* **EXERCISE**
Repeat exactly, and only, the lines of the entries below from the one with "Lydia Ourahmane’s Tassili" through the one with "1997 Canada 1-cent ICCS Certified MS66 Red", both ends included.

* **LISTED ENTRIES**
________

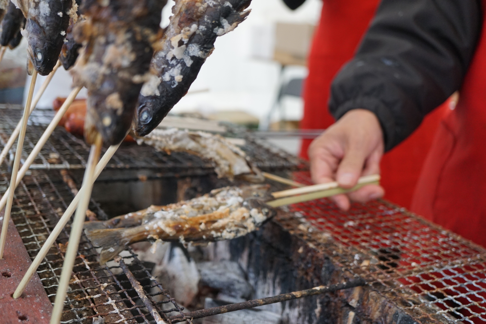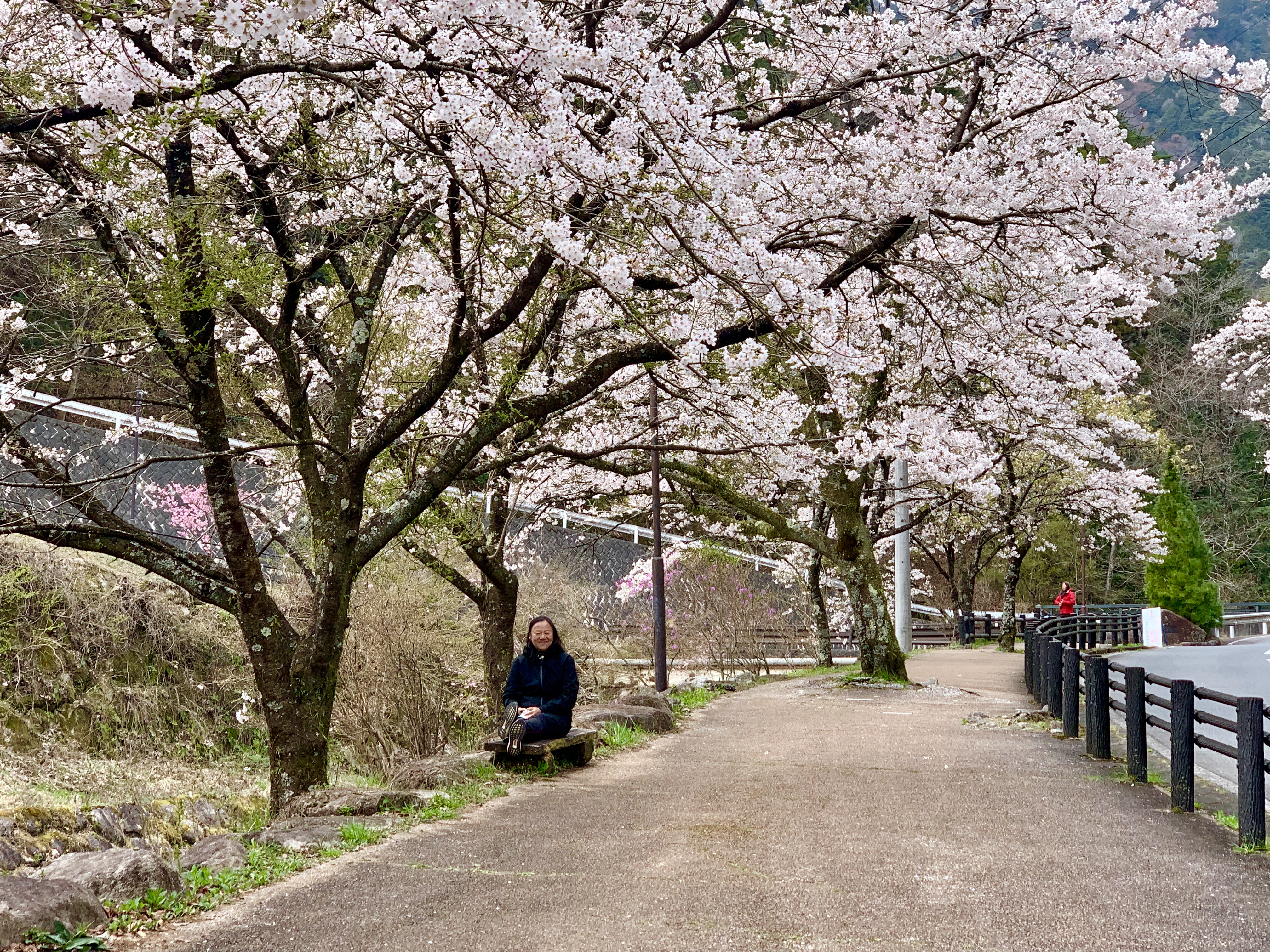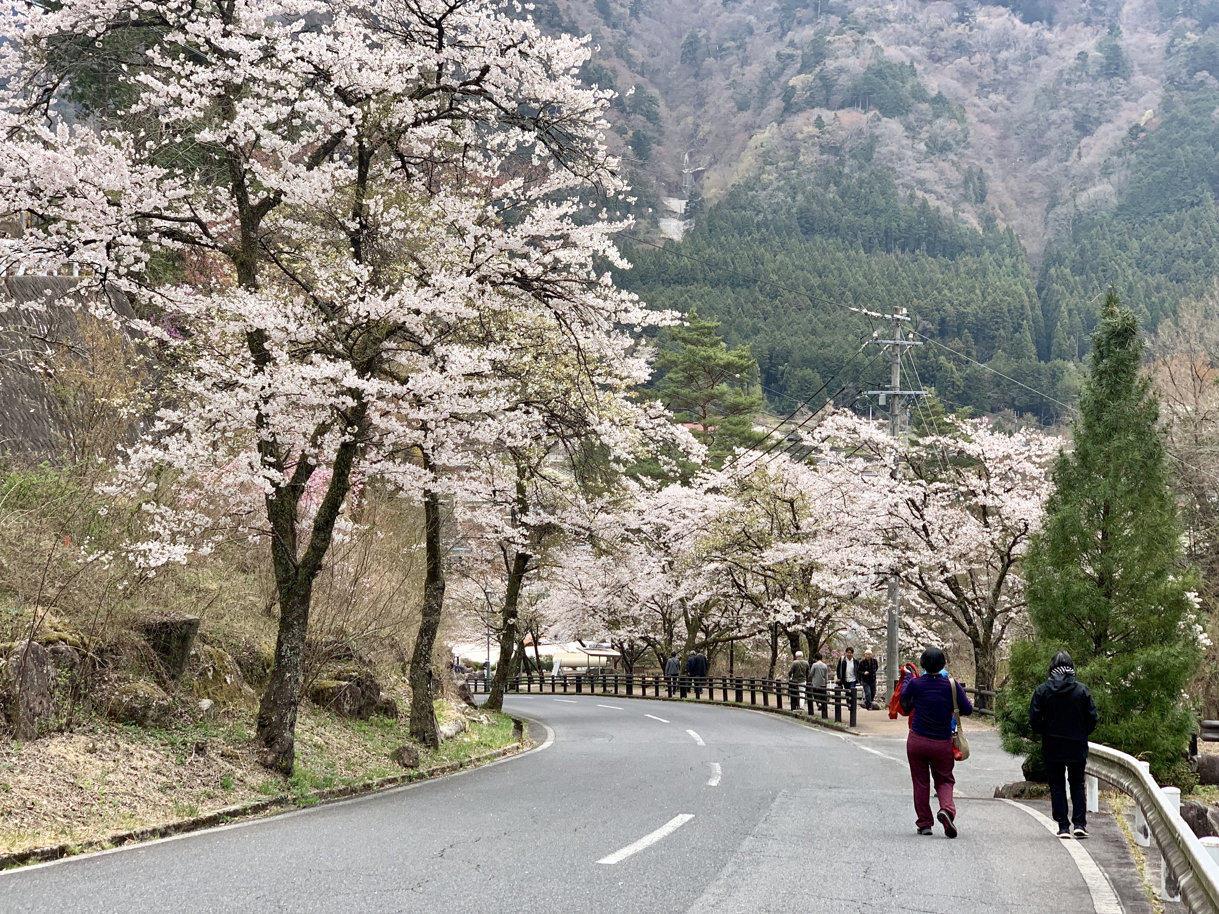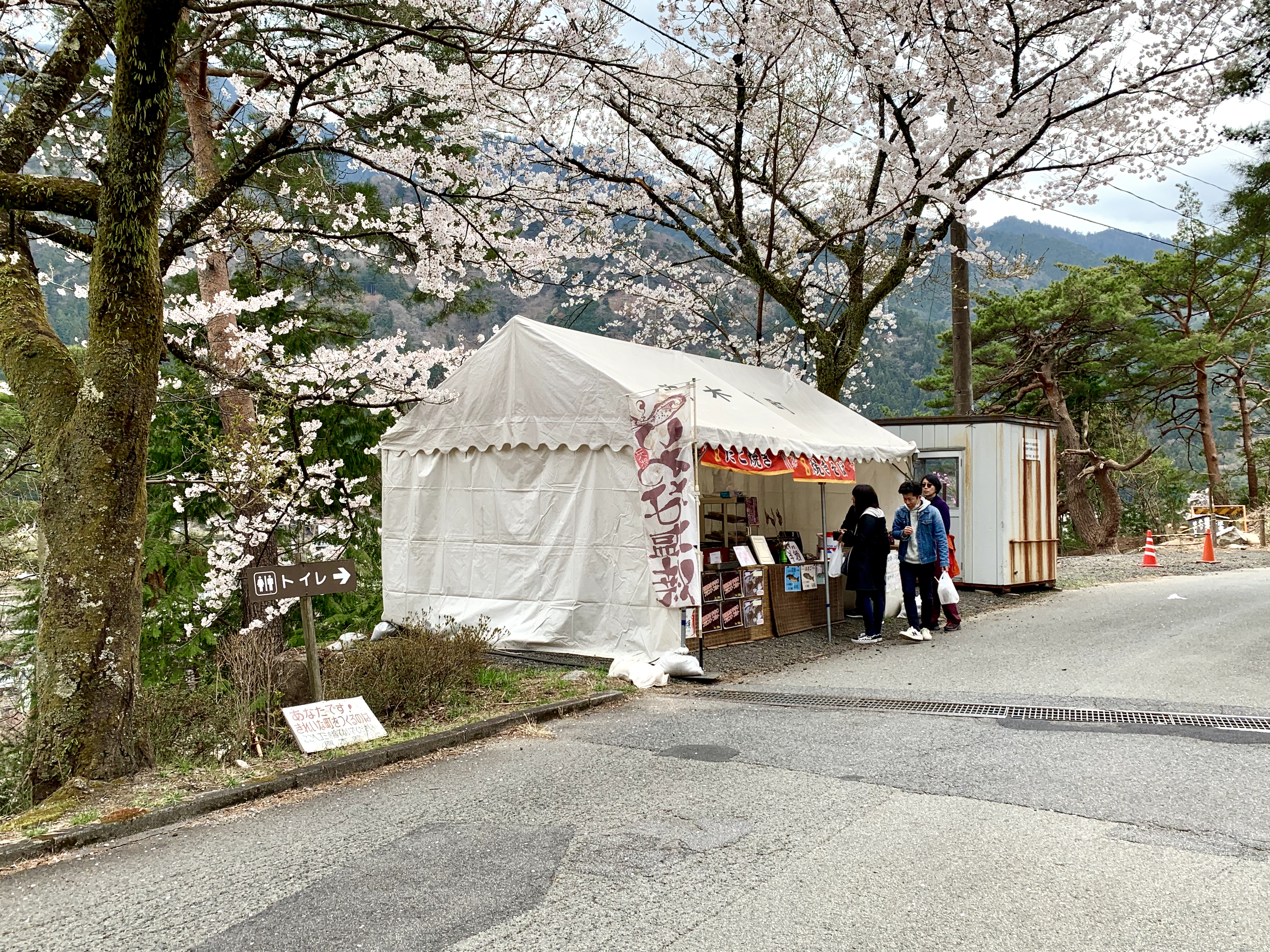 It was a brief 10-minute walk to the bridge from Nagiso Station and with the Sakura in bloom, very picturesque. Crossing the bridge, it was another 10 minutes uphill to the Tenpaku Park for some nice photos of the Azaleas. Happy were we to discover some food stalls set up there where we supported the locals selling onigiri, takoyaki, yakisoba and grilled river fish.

________

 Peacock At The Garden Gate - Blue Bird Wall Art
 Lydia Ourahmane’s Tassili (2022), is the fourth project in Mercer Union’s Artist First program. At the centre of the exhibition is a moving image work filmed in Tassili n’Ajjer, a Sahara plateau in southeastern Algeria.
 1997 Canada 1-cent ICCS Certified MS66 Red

________

* **OUTPUT FOR THIS EXERCISE**
 Lydia Ourahmane’s Tassili (2022), is the fourth project in Mercer Union’s Artist First program. At the centre of the exhibition is a moving image work filmed in Tassili n’Ajjer, a Sahara plateau in southeastern Algeria.
 1997 Canada 1-cent ICCS Certified MS66 Red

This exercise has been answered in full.